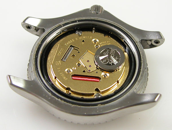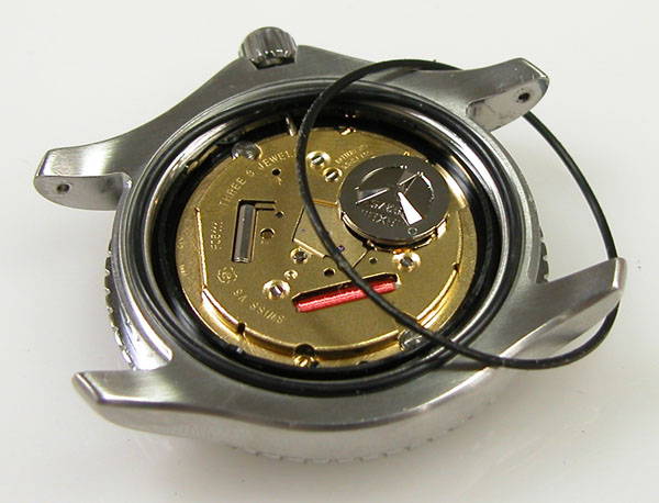 綺麗になったケースにムーブメントを戻して電池格納部をチェックします。
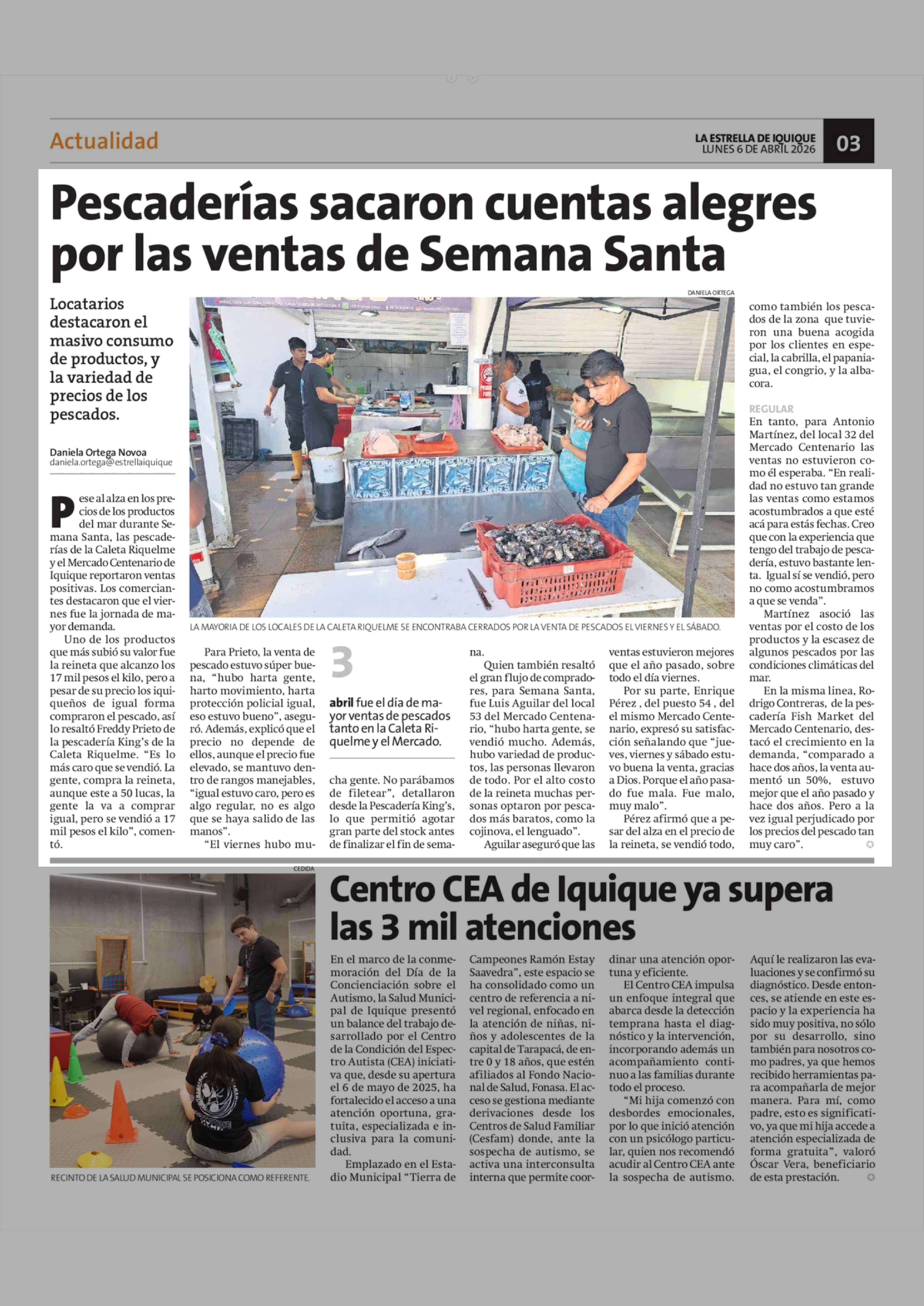 Pescaderías sacaron cuentas alegres por las ventas de Semana Santa 06-04-2026 La Estrella de Iquique |
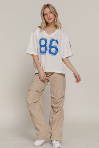Silk Screen Print Mesh Oversize Basball T-shirt - S

## What to work on
Everything in the listing should be repeated exactly except the pictures.

## Written response
 綺麗になったケースにムーブメントを戻して電池格納部をチェックします。
 Pescaderías sacaron cuentas alegres por las ventas de Semana Santa 06-04-2026 La Estrella de Iquique |
Silk Screen Print Mesh Oversize Basball T-shirt - S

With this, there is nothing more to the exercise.